Black Bean-Quinoa Buddha Bowl: Emily Bhattacharjee, MS, RD
- 2 16-ounce cans black beans, rinsed
- 2 2/3cups cooked quinoa
- 1 cup hummus
- 1/4 cup lime juice
- 1 medium avocado, diced
- 3/4 cup pico de gallo
- 1/2 cup chopped fresh cilantro
- Optional toppings: cucumber, corn kernels, bell peppers, olives
- Divide beans and quinoa into four travel containers.
- Stir hummus and lime juice together in a small bowl; thin with water to desired consistency.
- Drizzle the hummus dressing evenly over the four containers of beans and quinoa.
- Top with avocado, pico de gallo, cilantro, and any other toppings of your choice!
Recipe adapted from www.emeals.com
Broccoli Pesto: Angela Fish, RD
- 1 cup cooked broccoli (can be cooked from frozen)
- 6 ounces orecchiette or other short pasta (prepared according to box instructions)
- 1/2 cup grated parmesan
- 1/2 cup (packed) fresh basil leaves
- 3 tablespoons olive oil
- 2 teaspoons fresh lemon juice
- Salt and pepper to taste
- Add broccoli, parmesan, basil, oil, and lemon juice to a food processor.
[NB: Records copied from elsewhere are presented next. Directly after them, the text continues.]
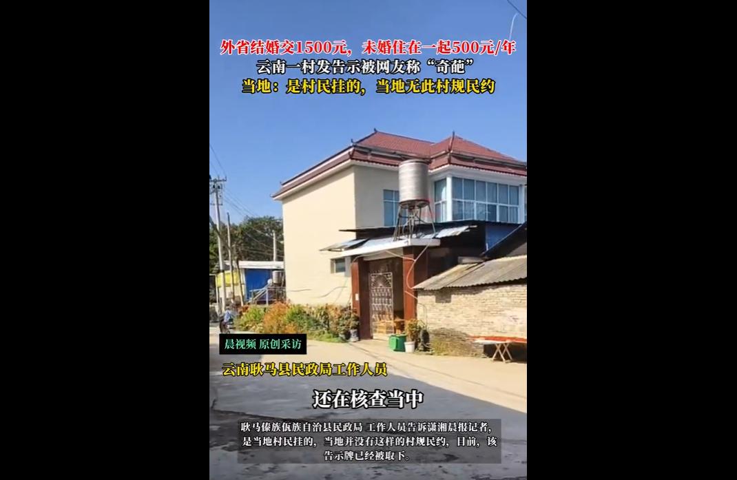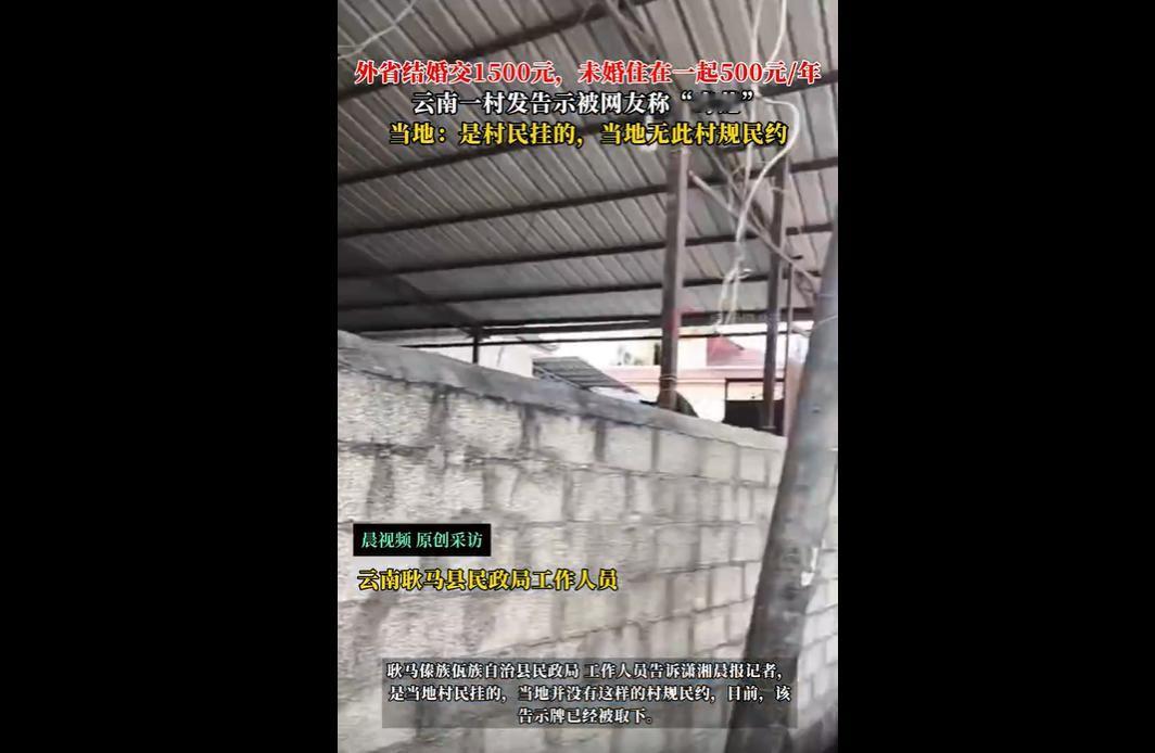 云南临沧有个村子贴了张超奇葩的罚款告示,连外省结婚、未婚同居都要罚钱,一下子引发大家热议。 官方回应说这是村民小组自己贴的,没报备也不算正规村规,已经撤了,还明确没有禁止跨省结婚的规定。 这张奇葩告示看着离谱,其实最坑的是当地村民! 就说跨省结婚要罚钱,这不是明着不让大家自由找对象吗? 还有夫妻吵架、未婚同居都要罚,连自家私事都要管,村小组也太把自己当回事了——它压根就没权力罚款啊! 官方说“村民自己贴的”,这话听着就敷衍,监管不到位才让这种破规矩冒出来。 对村民来说,村规民约是为了让日子好过,不是给生活添堵的。这种乱罚款的“土政策”,不光侵犯大家的权利,还寒了心。 关键得查清楚,这告示贴了这么久,有没有真的罚过钱? 罚的钱去哪了?不能光撤了就完事。 另外也得给村干部补补法律课,别再瞎定规矩。 基层自治是为了服务村民,不是折腾村民,守住法律底线,大家的日子才能真踏实。
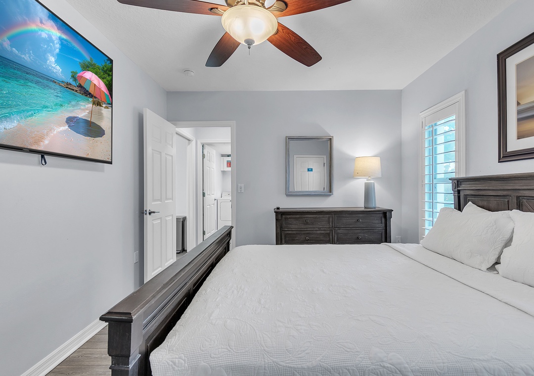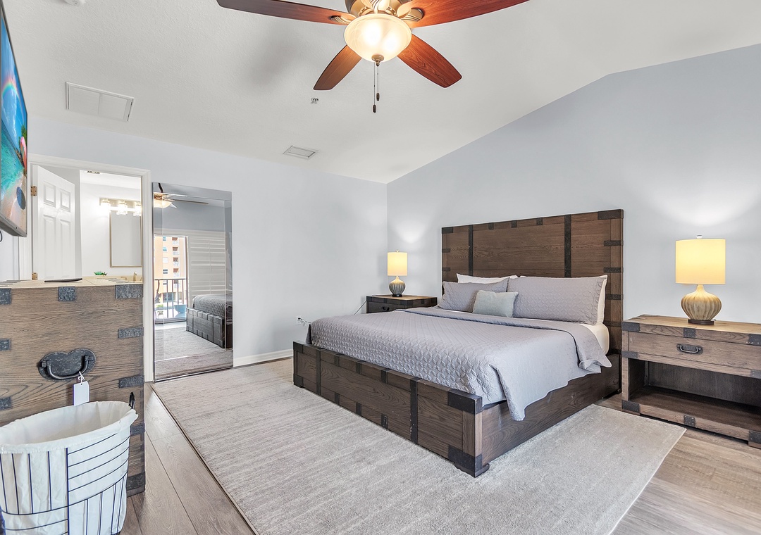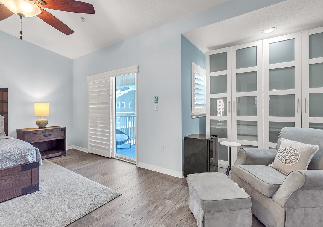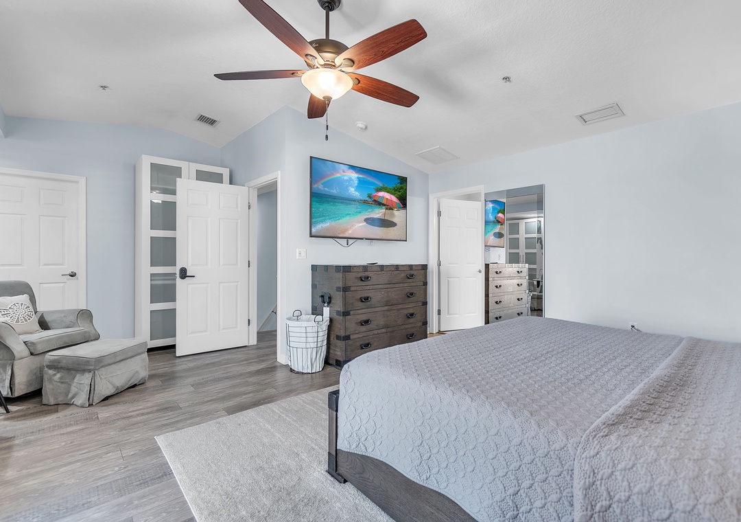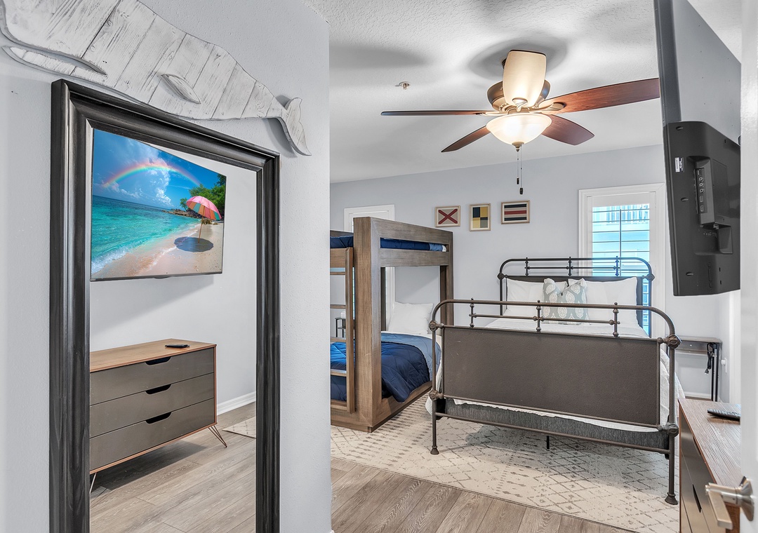 Head up to the third floor to find two additional bedrooms and two full bathrooms. The master suite is a true retreat, offering a plush king-size bed, Smart TV, private balcony with seating for two, and a cozy nook with a chair and ottoman—perfect for curling up with a book. The attached master bathroom is stunning, featuring a double vanity and a spacious walk-in shower with stylish tilework. The third bedroom includes an individual queen bed plus a twin-over-twin bunk, its own Smart TV, and another private balcony for enjoying gentle coastal breezes. Its en-suite bathroom offers a double vanity, walk-in shower, and a small bathtub for added relaxation options.
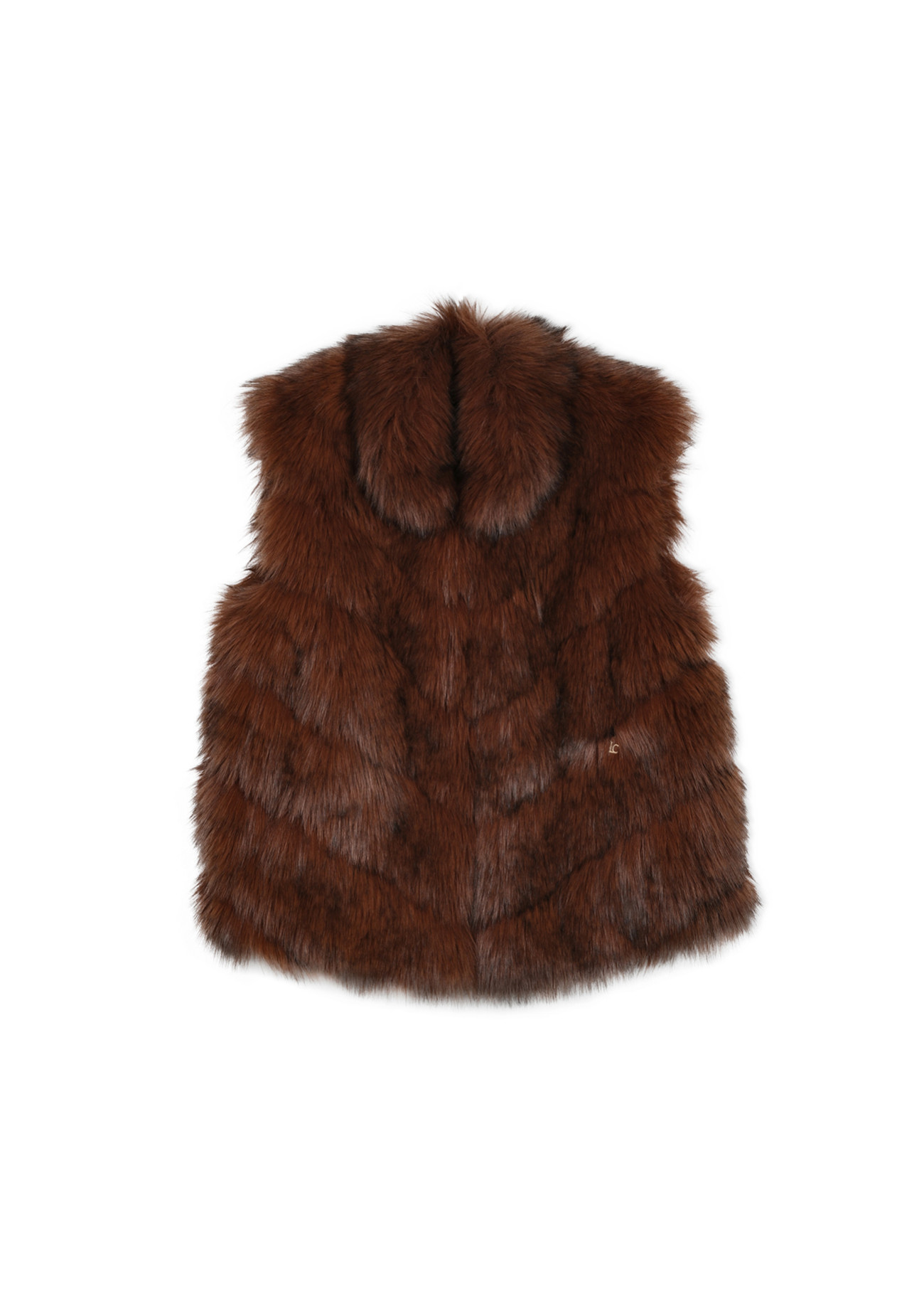Chaleco de pelo suave con interior estampado. Color marrón cálido, sin cierre, ideal para capas. Diseño cómodo y elegante, perfecto para realzar cualquier conjunto de temporada.

Process until smooth.
- Toss cooked pasta with pesto and season with salt and pepper to taste.
- Serve in bento box with a side of fruit and handful of dark chocolate chips for something sweet!
Recipe adapted from Bon Appetit
Turkey Pinwheels: Dora Kram, RD
- 2 large flour tortillas
- 4 6-ounce slices turkey
- 3 slices Colby Jack cheese
- Romaine lettuce
Cream cheese spread ingredients
- 4 ounces cream cheese, softened
- 1/2 teaspoon garlic granules
- 1/2 teaspoon dill
- 1/4-1/2 teaspoon dried minced onion
- Mix cream cheese spread ingredients together and spread over the entire surface of the two tortillas using a spatula.
- Layer on turkey, cheese and lettuce (as well as anything else you want to add in, such as cucumber slices).
- Roll the tortilla up into a tight log, and place toothpicks down the center in approximately 1-inch intervals.
- Cut between each toothpick and enjoy!
Recipe adapted from www.eazypeazymealz.com
Peachy Sun Butter Pita Pockets: Aarti Sachdeva, MS, RD
- 2 medium whole wheat pita pockets
- 1/4 cup all-natural sun butter
- 1/2 apple, cored and thinly sliced
- 1/2 banana, thinly sliced
- 1/2 fresh peach, thinly sliced
- Cut pitas in half to make four pockets and warm on the griddle for about 30 seconds to make them more flexible.
- Carefully open each pocket and spread a thin layer of sun butter on the inside walls.
- Fill with a combination of apple, banana and peach slices. Serve at room temperature.
Recipe adapted from www.cachampionsforchange.cdph.ca.gov
Veggie Tortilla Roll-Ups: Aarti Sachdeva, MS, RD
- 4 7-inch whole wheat tortillas
- 1 cup chopped tomato
- 1/2 cup chopped bell pepper (red, green, orange, yellow or a mixture)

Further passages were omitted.